STORED DATA →
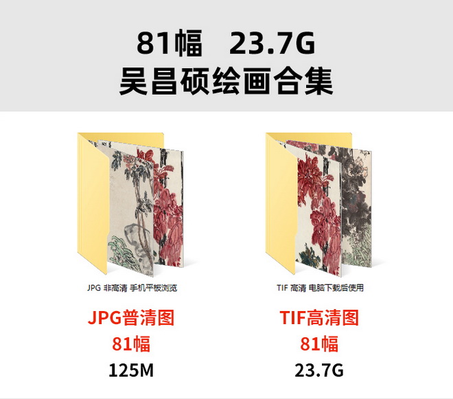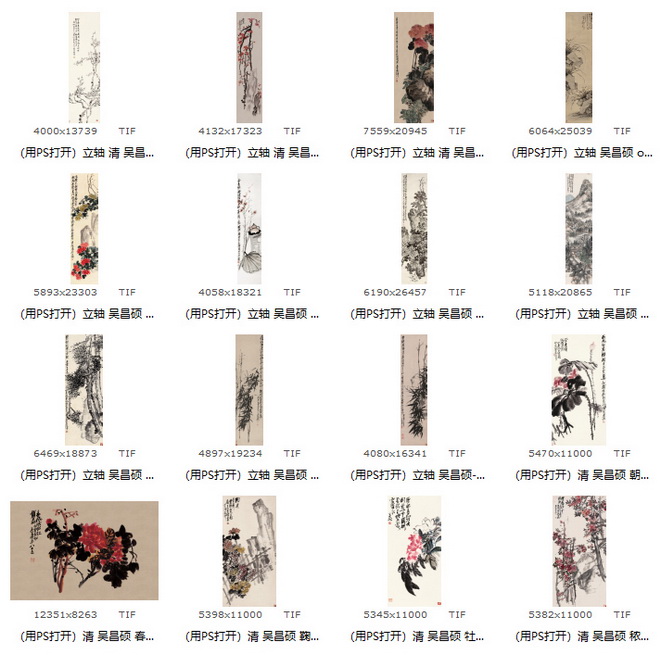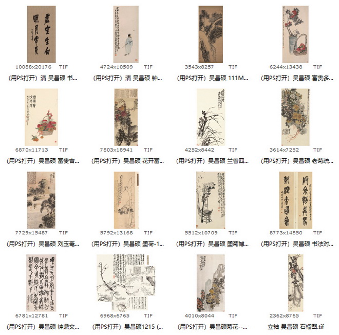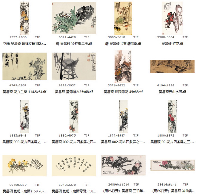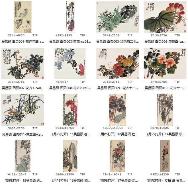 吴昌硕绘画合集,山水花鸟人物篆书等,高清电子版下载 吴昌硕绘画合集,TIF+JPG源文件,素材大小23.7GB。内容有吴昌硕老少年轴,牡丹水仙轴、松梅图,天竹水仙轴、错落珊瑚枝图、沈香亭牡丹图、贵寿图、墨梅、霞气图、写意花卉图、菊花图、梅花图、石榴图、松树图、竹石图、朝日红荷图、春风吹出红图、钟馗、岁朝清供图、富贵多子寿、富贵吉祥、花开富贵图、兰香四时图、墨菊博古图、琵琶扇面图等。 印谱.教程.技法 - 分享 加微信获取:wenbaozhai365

...

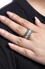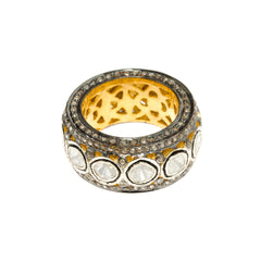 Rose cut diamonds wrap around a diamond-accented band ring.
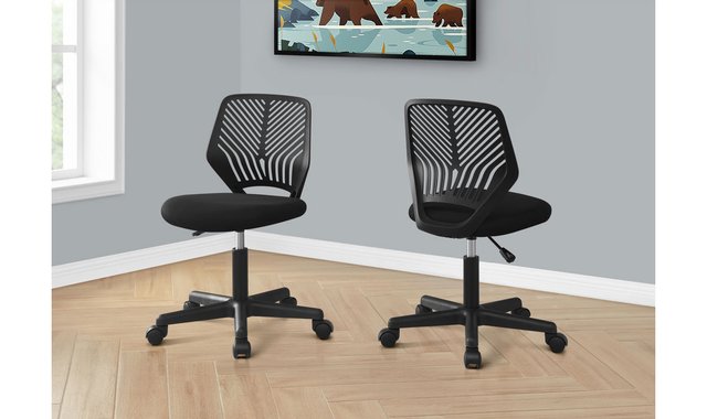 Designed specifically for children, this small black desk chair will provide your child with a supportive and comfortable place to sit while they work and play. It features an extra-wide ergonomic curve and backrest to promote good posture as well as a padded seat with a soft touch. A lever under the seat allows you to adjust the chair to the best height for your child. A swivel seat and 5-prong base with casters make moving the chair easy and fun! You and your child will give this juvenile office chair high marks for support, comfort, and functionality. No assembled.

ACTIVITY → Nothing but the lines above from the line with "Rose cut diamonds" up to and including the line with "Designed specifically for" should be returned, exactly as written and without pictures.

FINISHED EXERCISE →
 Rose cut diamonds wrap around a diamond-accented band ring.
 Designed specifically for children, this small black desk chair will provide your child with a supportive and comfortable place to sit while they work and play. It features an extra-wide ergonomic curve and backrest to promote good posture as well as a padded seat with a soft touch. A lever under the seat allows you to adjust the chair to the best height for your child. A swivel seat and 5-prong base with casters make moving the chair easy and fun! You and your child will give this juvenile office chair high marks for support, comfort, and functionality. No assembled.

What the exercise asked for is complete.